* **YOUR INSTRUCTIONS**: The required output is the stretch from the line containing "届出表示 | 本品にはラフマ由来ヒペロシド、ラフマ由来イソクエルシトリン、植物性乳酸菌K-1(L.casei" through the line containing "Savor your favorite" in the records below, unaltered and with no pictures.

* **MATERIAL PROVIDED**:
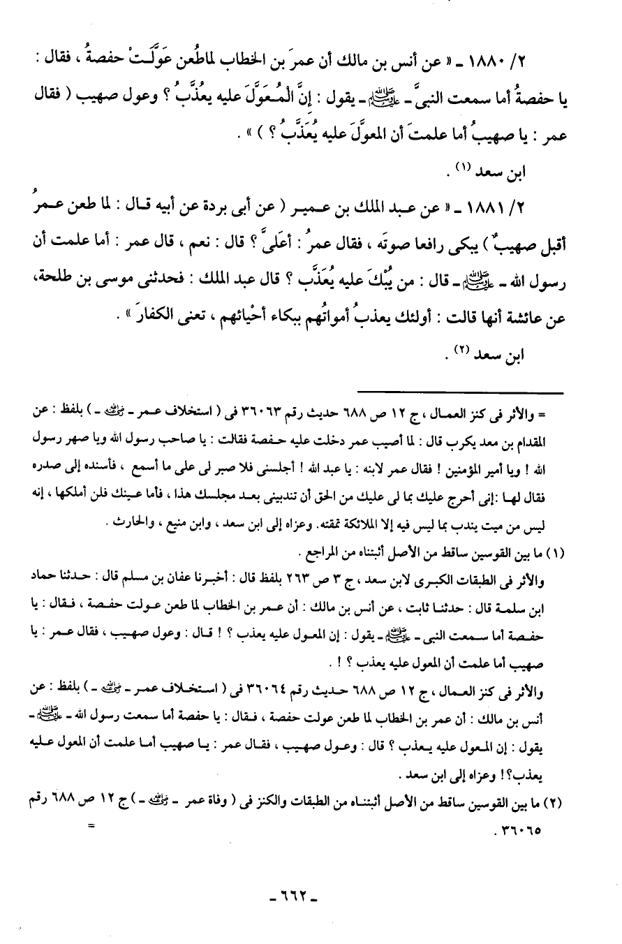 والأثر في كنز العمال، جـ 12 ص 688 حديث رقم 36064 في (استخلاف عمر -رضي اللَّه عنه-) بلفظ: عن أَنس بن مالك! أن عمر بن الخطاب لما طعن عولت حفصة، فقال: يا حفصة أما سمعت رسول اللَّه -صلى اللَّه عليه وسلم- يقول: إن المعول عليه يعذب؟ قال: وعول صهيب، فقال عمر: يا صهيب أما علمت أن المعول عليه يعذب؟ ! وعزاه إلى ابن سعد.
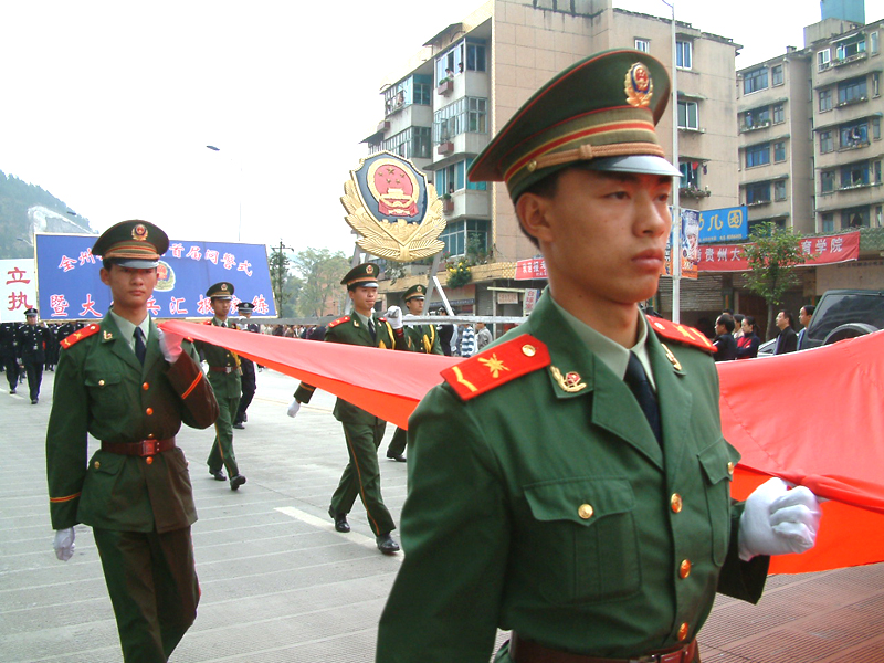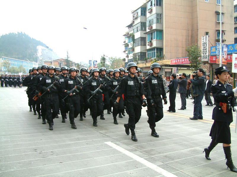 l2時50分各方隊在永華路州公安局路口列隊完畢。列隊川頁序按照摩托車護衛隊(呈三角形開道)、開道警車l車、新式警車10輛、國旗護衛隊、國徽盾牌、特警、交警、消防支隊、凱里市公安局……
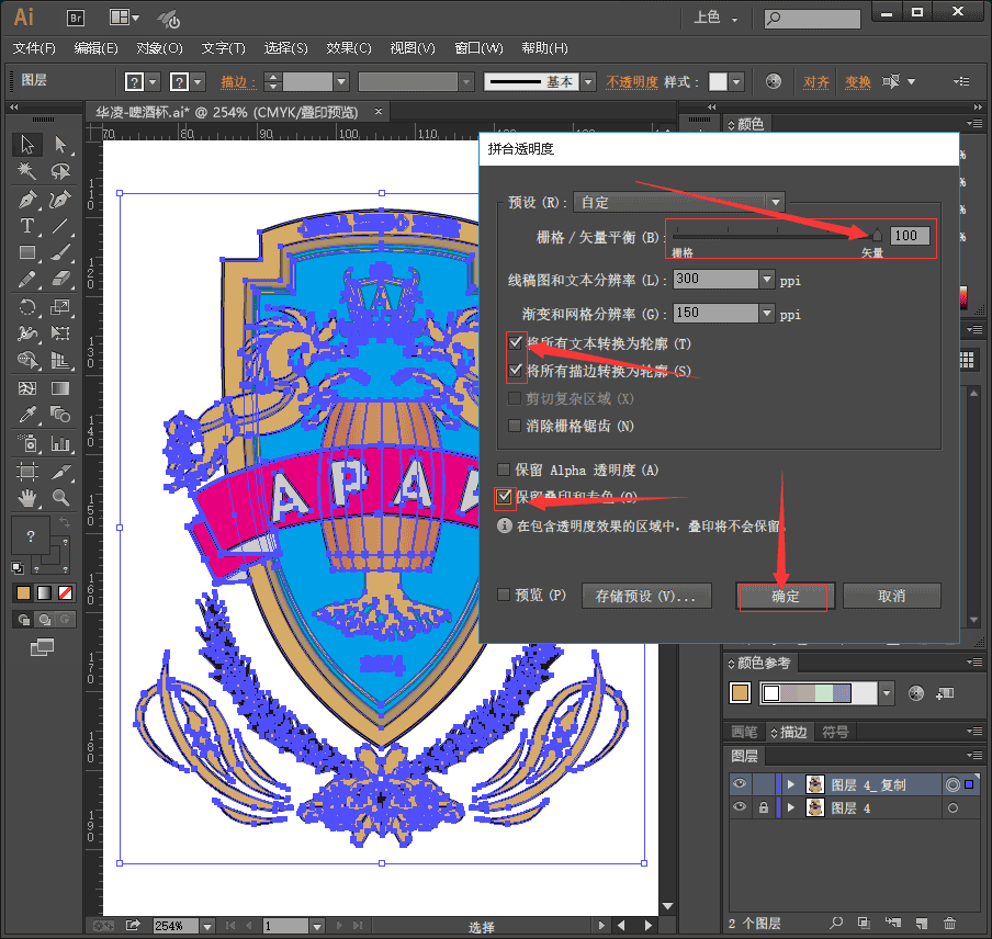 2、选中上层文件,点对象拼合透明度。如图,点确定。
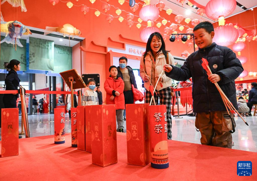 12月21日,觀眾在展廳內(nèi)互動體驗傳統(tǒng)節(jié)日項目——投壺。
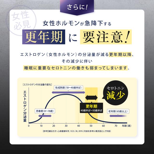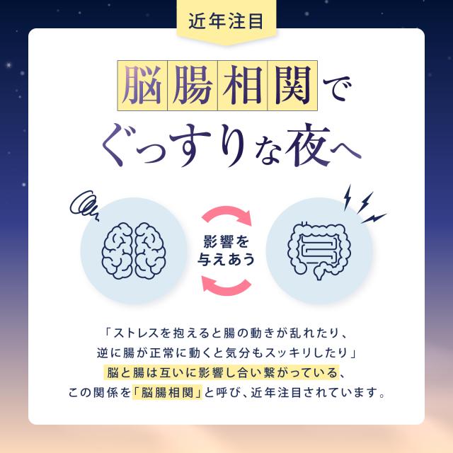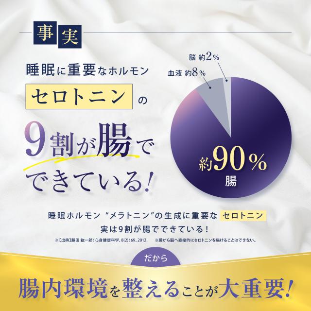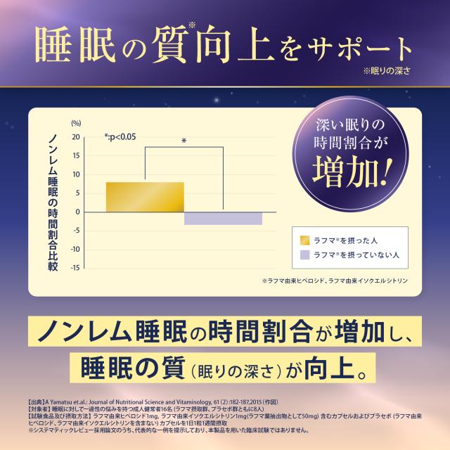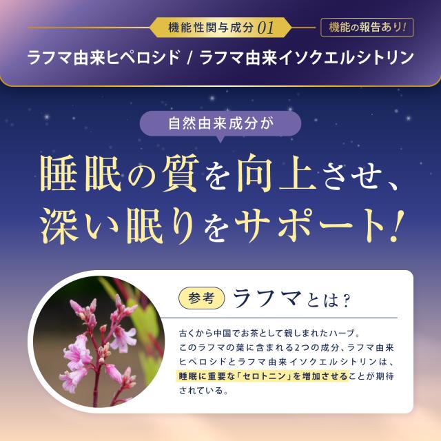 | 届出表示 | 本品にはラフマ由来ヒペロシド、ラフマ由来イソクエルシトリン、植物性乳酸菌K-1(L.casei 327)が含まれています。ラフマ由来ヒペロシド、ラフマ由来イソクエルシトリンには睡眠の質(眠りの深さ・起床時の睡眠に対する満足感)の向上に役立つことが報告されています。植物性乳酸菌K-1(L.casei 327)にはおなかの調子を整えてお通じを改善する機能が報告されています。 |
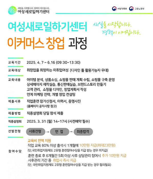 [시민일보 = 김민혜 기자] 송파여성새로일하기센터는 여성 파워 셀러 양성을 위해 '이커머스 창업' 교육 과정을 개설하고 훈련생을 모집한다고 밝혔다.
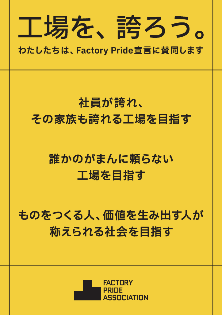 当社はこの想いに共感し、一般社団法人 Factory Pride Associationが掲げる「Factory Pride 宣言」に賛同いたします。
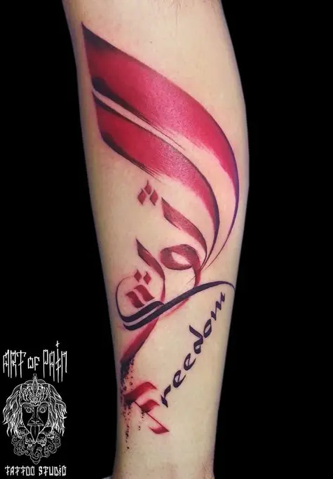 Татуировка женская каллиграфия на предплечье надпись Freedom 1145
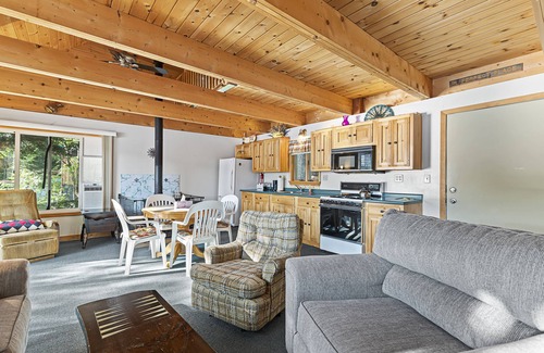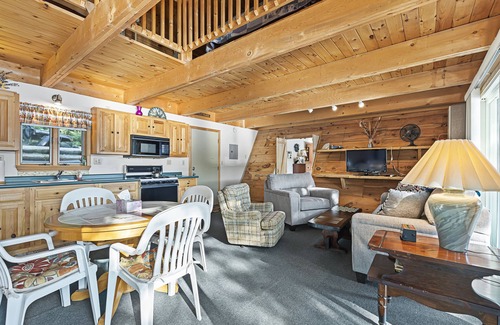 Savor your favorite beverages and snacks on the large deck while enjoying gorgeous sunsets. Enjoy a movie on the living room flatscreen TV or retire with a good book to the upstairs bedroom or loft accessible via spiral staircase or the downstairs bedroom. Sleeping spaces combine to offer a full-sized bob-o-pedic foam mattress and 4 twin beds (2 Sleepy's foam mattresses and 2 regular).
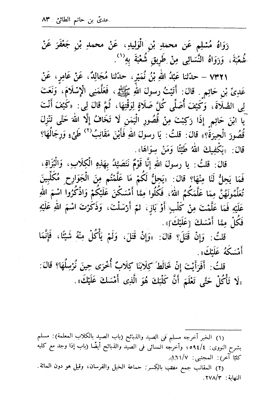 (¬1) الخبر أخرجه مسلم فى الصيد والذبائح (باب الصيد بالكلاب المعلمة) : مسلم بشرح النووى: 4/594؛ وأخرجه النسائى فى الصيد والذبائح أيضا (باب إذا وجد مع كلبه كلبا آخر) : المجتبى: 7/161.

* **RESULT**:
 | 届出表示 | 本品にはラフマ由来ヒペロシド、ラフマ由来イソクエルシトリン、植物性乳酸菌K-1(L.casei 327)が含まれています。ラフマ由来ヒペロシド、ラフマ由来イソクエルシトリンには睡眠の質(眠りの深さ・起床時の睡眠に対する満足感)の向上に役立つことが報告されています。植物性乳酸菌K-1(L.casei 327)にはおなかの調子を整えてお通じを改善する機能が報告されています。 |
 [시민일보 = 김민혜 기자] 송파여성새로일하기센터는 여성 파워 셀러 양성을 위해 '이커머스 창업' 교육 과정을 개설하고 훈련생을 모집한다고 밝혔다.
 当社はこの想いに共感し、一般社団法人 Factory Pride Associationが掲げる「Factory Pride 宣言」に賛同いたします。
 Татуировка женская каллиграфия на предплечье надпись Freedom 1145
 Savor your favorite beverages and snacks on the large deck while enjoying gorgeous sunsets. Enjoy a movie on the living room flatscreen TV or retire with a good book to the upstairs bedroom or loft accessible via spiral staircase or the downstairs bedroom. Sleeping spaces combine to offer a full-sized bob-o-pedic foam mattress and 4 twin beds (2 Sleepy's foam mattresses and 2 regular).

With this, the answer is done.